Top of Supplied data
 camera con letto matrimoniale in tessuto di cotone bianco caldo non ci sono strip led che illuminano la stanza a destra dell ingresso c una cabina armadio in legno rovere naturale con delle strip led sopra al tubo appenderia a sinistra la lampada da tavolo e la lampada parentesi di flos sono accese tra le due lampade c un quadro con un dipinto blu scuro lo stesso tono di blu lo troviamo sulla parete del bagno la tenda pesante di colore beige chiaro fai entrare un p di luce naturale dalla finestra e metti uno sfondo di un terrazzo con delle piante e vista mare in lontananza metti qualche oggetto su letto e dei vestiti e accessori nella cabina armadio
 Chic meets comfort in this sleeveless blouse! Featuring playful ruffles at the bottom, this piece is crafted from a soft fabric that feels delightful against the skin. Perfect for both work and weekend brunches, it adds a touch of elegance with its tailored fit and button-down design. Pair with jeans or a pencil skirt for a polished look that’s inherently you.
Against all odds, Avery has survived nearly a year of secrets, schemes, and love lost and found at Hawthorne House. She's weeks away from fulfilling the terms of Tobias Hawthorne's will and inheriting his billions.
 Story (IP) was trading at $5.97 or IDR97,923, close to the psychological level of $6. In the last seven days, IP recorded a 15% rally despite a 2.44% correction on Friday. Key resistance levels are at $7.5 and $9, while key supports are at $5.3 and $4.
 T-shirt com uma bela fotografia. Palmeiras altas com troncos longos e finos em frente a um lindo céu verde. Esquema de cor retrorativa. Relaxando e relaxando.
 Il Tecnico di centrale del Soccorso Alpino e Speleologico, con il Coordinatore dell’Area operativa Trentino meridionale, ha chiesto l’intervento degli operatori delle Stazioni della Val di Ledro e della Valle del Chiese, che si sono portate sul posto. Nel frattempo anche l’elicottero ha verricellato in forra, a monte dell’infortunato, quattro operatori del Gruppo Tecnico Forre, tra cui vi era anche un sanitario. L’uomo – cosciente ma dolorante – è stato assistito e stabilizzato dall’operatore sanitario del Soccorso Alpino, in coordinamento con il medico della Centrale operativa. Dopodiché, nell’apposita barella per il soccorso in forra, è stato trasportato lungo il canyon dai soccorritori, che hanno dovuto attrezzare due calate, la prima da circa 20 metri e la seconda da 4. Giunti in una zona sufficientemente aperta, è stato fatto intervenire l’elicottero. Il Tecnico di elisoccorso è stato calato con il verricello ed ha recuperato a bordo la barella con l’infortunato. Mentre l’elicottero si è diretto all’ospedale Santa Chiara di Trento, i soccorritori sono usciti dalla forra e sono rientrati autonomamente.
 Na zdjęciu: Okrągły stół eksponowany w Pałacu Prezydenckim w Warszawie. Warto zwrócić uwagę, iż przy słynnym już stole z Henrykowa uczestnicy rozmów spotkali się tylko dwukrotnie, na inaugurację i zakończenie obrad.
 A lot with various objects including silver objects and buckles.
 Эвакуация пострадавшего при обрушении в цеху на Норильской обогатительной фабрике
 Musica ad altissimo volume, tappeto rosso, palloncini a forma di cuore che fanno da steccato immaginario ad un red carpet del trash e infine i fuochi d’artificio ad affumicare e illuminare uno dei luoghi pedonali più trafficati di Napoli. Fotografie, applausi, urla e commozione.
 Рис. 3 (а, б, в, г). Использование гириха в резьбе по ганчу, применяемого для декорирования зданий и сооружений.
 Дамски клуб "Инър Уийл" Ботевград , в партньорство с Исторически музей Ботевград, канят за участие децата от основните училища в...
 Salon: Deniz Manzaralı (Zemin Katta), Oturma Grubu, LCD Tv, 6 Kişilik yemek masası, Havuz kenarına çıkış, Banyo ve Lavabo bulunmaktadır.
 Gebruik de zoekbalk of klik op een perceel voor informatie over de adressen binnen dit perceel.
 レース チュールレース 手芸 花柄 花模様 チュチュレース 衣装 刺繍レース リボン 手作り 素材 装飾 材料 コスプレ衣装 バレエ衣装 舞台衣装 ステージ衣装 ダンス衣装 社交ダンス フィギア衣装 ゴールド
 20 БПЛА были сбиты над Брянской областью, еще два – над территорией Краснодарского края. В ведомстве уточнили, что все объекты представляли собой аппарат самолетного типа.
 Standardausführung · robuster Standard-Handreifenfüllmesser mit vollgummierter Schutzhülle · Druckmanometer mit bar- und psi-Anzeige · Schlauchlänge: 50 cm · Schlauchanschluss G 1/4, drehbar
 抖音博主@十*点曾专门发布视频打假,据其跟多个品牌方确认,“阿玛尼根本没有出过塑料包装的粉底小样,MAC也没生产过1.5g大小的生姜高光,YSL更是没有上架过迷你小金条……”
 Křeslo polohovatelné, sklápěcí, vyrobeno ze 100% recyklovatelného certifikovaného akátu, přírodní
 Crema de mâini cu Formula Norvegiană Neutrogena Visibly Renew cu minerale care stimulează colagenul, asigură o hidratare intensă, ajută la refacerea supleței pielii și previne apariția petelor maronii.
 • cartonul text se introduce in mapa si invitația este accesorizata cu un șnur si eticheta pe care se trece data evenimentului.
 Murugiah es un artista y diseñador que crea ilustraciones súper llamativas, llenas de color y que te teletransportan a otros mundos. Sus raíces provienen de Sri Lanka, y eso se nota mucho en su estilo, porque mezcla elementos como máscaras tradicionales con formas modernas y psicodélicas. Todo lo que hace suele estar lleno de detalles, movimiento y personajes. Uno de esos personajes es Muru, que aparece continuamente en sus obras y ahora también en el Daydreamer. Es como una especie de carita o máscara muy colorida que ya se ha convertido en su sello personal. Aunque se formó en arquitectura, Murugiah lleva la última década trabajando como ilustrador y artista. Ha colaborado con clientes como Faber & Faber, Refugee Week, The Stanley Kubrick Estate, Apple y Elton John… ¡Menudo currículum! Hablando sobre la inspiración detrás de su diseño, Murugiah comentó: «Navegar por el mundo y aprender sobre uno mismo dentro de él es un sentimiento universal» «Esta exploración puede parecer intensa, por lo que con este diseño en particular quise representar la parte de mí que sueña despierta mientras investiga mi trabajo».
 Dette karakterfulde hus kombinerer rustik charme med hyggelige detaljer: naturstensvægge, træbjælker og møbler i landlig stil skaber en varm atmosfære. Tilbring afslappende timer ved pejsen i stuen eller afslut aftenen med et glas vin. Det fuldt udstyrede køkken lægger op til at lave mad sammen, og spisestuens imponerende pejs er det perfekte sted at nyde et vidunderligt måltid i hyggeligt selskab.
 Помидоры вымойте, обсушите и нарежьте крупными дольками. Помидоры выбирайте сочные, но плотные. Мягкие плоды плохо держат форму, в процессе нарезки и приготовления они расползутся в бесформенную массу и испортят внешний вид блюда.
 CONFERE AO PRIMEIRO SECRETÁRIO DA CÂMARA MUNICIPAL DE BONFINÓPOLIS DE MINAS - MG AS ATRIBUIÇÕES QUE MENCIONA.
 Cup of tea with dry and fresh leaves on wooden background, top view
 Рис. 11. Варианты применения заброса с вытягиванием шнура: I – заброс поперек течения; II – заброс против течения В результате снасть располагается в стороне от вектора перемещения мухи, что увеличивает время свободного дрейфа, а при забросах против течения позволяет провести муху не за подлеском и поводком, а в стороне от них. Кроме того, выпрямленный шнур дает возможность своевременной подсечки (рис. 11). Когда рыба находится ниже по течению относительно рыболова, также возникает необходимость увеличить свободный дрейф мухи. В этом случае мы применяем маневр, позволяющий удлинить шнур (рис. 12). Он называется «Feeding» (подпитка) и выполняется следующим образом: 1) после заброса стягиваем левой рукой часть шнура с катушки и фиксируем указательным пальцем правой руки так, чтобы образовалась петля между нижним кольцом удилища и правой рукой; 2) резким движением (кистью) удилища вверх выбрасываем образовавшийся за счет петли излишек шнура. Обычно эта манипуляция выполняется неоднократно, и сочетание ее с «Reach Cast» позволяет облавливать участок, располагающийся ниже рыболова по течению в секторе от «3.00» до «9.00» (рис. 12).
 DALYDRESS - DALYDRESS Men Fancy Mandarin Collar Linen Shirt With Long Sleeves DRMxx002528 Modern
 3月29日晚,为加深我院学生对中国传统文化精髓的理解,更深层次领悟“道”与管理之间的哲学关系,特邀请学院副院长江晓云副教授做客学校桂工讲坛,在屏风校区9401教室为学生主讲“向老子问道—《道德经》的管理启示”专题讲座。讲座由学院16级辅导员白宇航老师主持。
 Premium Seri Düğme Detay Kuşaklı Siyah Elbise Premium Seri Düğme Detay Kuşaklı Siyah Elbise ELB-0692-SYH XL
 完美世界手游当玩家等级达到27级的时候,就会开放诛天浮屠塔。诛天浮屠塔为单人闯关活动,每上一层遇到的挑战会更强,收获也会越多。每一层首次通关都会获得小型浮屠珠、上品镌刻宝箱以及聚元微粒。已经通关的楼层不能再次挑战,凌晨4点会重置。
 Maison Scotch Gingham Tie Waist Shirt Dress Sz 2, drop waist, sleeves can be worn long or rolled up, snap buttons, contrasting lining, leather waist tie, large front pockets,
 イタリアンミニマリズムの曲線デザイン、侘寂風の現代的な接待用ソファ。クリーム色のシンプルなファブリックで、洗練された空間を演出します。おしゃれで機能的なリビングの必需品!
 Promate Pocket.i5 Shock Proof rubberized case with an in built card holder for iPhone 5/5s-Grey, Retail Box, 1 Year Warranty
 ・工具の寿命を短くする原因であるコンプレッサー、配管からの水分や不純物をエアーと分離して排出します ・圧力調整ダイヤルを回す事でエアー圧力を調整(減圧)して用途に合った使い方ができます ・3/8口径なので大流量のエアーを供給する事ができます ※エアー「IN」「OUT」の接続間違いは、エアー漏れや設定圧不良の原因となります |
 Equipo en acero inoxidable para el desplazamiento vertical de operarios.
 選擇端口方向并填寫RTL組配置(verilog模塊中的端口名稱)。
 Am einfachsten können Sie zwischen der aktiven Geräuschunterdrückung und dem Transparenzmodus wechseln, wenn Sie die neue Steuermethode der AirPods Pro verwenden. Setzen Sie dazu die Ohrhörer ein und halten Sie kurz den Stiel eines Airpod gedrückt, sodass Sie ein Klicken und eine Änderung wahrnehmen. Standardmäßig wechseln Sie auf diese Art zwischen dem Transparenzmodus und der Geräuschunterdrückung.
Bottom of Supplied data
#### [What the exercise asks]
In the listing above, find the line holding "Рис. 3 (а, б, в, г)." and the line holding "Crema de mâini", then output those two lines and every line between them exactly.

#### [Task response]
 Рис. 3 (а, б, в, г). Использование гириха в резьбе по ганчу, применяемого для декорирования зданий и сооружений.
 Дамски клуб "Инър Уийл" Ботевград , в партньорство с Исторически музей Ботевград, канят за участие децата от основните училища в...
 Salon: Deniz Manzaralı (Zemin Katta), Oturma Grubu, LCD Tv, 6 Kişilik yemek masası, Havuz kenarına çıkış, Banyo ve Lavabo bulunmaktadır.
 Gebruik de zoekbalk of klik op een perceel voor informatie over de adressen binnen dit perceel.
 レース チュールレース 手芸 花柄 花模様 チュチュレース 衣装 刺繍レース リボン 手作り 素材 装飾 材料 コスプレ衣装 バレエ衣装 舞台衣装 ステージ衣装 ダンス衣装 社交ダンス フィギア衣装 ゴールド
 20 БПЛА были сбиты над Брянской областью, еще два – над территорией Краснодарского края. В ведомстве уточнили, что все объекты представляли собой аппарат самолетного типа.
 Standardausführung · robuster Standard-Handreifenfüllmesser mit vollgummierter Schutzhülle · Druckmanometer mit bar- und psi-Anzeige · Schlauchlänge: 50 cm · Schlauchanschluss G 1/4, drehbar
 抖音博主@十*点曾专门发布视频打假,据其跟多个品牌方确认,“阿玛尼根本没有出过塑料包装的粉底小样,MAC也没生产过1.5g大小的生姜高光,YSL更是没有上架过迷你小金条……”
 Křeslo polohovatelné, sklápěcí, vyrobeno ze 100% recyklovatelného certifikovaného akátu, přírodní
 Crema de mâini cu Formula Norvegiană Neutrogena Visibly Renew cu minerale care stimulează colagenul, asigură o hidratare intensă, ajută la refacerea supleței pielii și previne apariția petelor maronii.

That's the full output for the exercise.